授業数の削減により、不安を感じた親が家庭や塾での学習に頼るほかにない状況となり、親の経済力も影響して、更に成績が上位と下位に二分化される傾向にあると言われ、実際に学習塾等の新設が増えてきているところでございます。
このゆとり教育の経緯は、初等・中等教育において加熱する受験戦争や、学校教育が知識だけの詰め込み教育となることへの批判に対応するため、当時の文部省諮問機関の中教審が昭和51年12月に答申をしており、学習内容や授業時間数の削減を提言したことによって始まり、以降、学習指導要領の全部改正となり、昭和55年度から実施されたところでございます。

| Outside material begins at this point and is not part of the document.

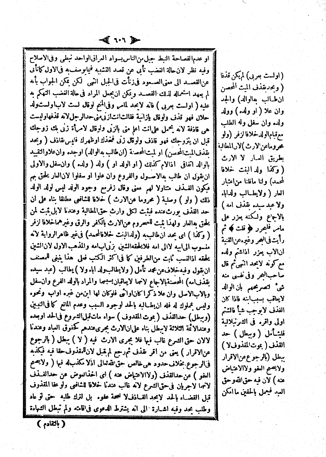 وَقَالَ زُفَرُ مَعَ وُجُودِ الْوَلَدِ لَيْسَ لِوَلَدِ الْوَلَدِ ذَلِكَ (وَلَوْ) وَصْلِيَّةٌ (مَحْرُومًا عَنْ الْإِرْثِ) خِلَافًا لِلشَّافِعِيِّ مُطْلَقًا بِنَاءً عَلَى أَنَّ حَدَّ الْقَذْفِ يُورَثُ عِنْدَهُ فَيَثْبُتُ لِكُلِّ وَارِثٍ حَقُّ الْمُطَالَبَةِ وَعِنْدَنَا لَا بَلْ يَثْبُتُ لِمَنْ يَلْحَقُ بِهِ الْعَارُ؛ وَلِهَذَا يَثْبُتُ لِلْمَحْرُومِ عَنْ الْإِرْثِ بِالْكُفْرِ، وَالرِّقِّ وَغَيْرِهِمَا خِلَافًا لِزُفَرَ.

さらに、平成元年にも学習指導要領の改正があり、平成4年には第2土曜日が休日に、加えて平成7年から第4土曜日も休日となったところです。昭和43年のピーク時には小学校6年生の年間授業時間数は1,085時間でしたが、この改正により、平成10年においては945時間にまで削減されてきています。また、平成14年度からは更に完全学校週5日制となり、総合的な学習の時間が新設され、その2年後の国際学力調査によって日本の子供たちの学力低下が指摘され、今日に至っているところでございます。
特に、平成14年度から導入された総合学習は、正に先生方の工夫や努力が問われる授業であり、子供たちの生きる力をどう引き出すか、教師としての資質や手腕が問われる高いレベルの授業であるという認識をしています。
以前、学校は閉ざされた教育現場だと言われてきましたが、改善されたでしょうか。そうでない状況の中では、先生方の情熱や工夫を受け止め、外部の評価とそれに連動した給与等を含め、指導欲を起こさせる仕組みができているとは思えません。
私は、ゆとり教育には基本的に賛成であり、仕組みを変えることにより、ゆとり教育と基礎学力の向上とは両立できると思います。現在の日本の先生方は教えのプロに徹する環境にはなく、余りにも雑務が多過ぎ、ある意味ではサラリーマン化しているという指摘もあります。そういう環境の中では、ゆとり教育の源である独創力は生まれてこないですし、また先生方にとって本来の教育に専念することさえできない状況となります。
教育は、やはり現場が主役であり、そのためには、中央からの学習指導要領という縛りに屈せず、教育改革を行い、仕組みを変えていくべきだと思います。そうした場合、現場のニーズや実態を把握しやすい自治体と、地域間格差の是正や公平性だけを視野に入れて動く国とでは、教育改革を進めていく場合、その速さが違うのは当然であります。その先駆けとして今年度から導入した学校選択制度は評価するものであり、学校間の競争や先生方のせっさたくまの中から本来のゆとり教育の在り方が見えてくるはずです。
この教育改革を推進するためには、やはり総合学習の効率化や実効化について議論をするべきであって、今見直されようとしていることは、時間を減らし、それを基礎学習に充てることで改革しようとしています。
地方分権化の規制緩和政策が推進されてから久しくなりますが、なおさらのこと、地方からのゆとり教育の見直しとして早急にその改革に取り掛かるべきであると思います。その一例として、他市では、自治体独自の採用試験で元教師や教員免許取得者を公募し、非常勤による教育支援を行っているところもあります。雑務でも能力に応じた人を非常勤として採用し、先生方には教えのプロだけに専念していただく仕組みづくりも一つの手法であります。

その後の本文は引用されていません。